We used pique fabric for the base layer and chiffon for the front layers. Behind the base layer are LED strips that illuminate the museum’s white wall, creating a lightbox that serves as the piece’s only source of light. The front layers are suspended using three Ikea curtain tracks, each made of three 140 cm long rails. The three fabric layers are spaced 4 cm apart to allow for transparency.
For the base layer at the back of the map, I used a technique I’ve been refining since the Pacific map: vector-based shading derived from watershed polygons. First, I generate “half-watersheds” at multiple scales using a digital elevation model (with r.watershed from GRASS GIS). Then I calculate the aspect (orientation) and slope of each polygon, and from that, the amount of light it would reflect at a given solar position (using formulas from here). I then overlay layers in QGIS and Krita with different sun orientations and watershed scales, experimenting with opacities until it looks right. I’d love to create a tutorial on this technique sometime, as it allows for a clear and expressive depiction of relief.
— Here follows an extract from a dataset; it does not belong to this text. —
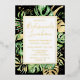 This sophisticated tropical bridesmaids luncheon invitation features green and gold palm, philodendron, and fern leaves on a black background. An elegant gold foil frame highlights the gold foil text. Gold foil splatters accentuate this exotic botanical design and brings a bit of modern whimsy to the invitation. This island oasis invite is perfect for any luau, beach or tropical themed bridesmaids luncheon.

I couldn’t find a geographic layer for the local water boards or JAARs, which is what these rural aqueduct management organizations are called in Panama. But I felt it was essential to include them, as they are probably the country’s most important form of community organization. I found a 158-page PDF from the Ministry of Health listing over 3500 JAARs. I converted it into an Excel spreadsheet, then matched entries by community name and administrative division, managing to georeference just over half. With more time, I could try to refine the data and map the rest manually. Doing these kinds of acrobatics is pretty normal in Panama, where geospatial data is scarce and the state publishes only a fraction of what it produces.
The data on other community organizations comes primarily from a study conducted by my colleagues at Almanaque Azul for the Ministry of Environment, to which I added other active land defender groups in Panama, like the Guerreros del Mar and Despierta Donoso. There are still many more to include.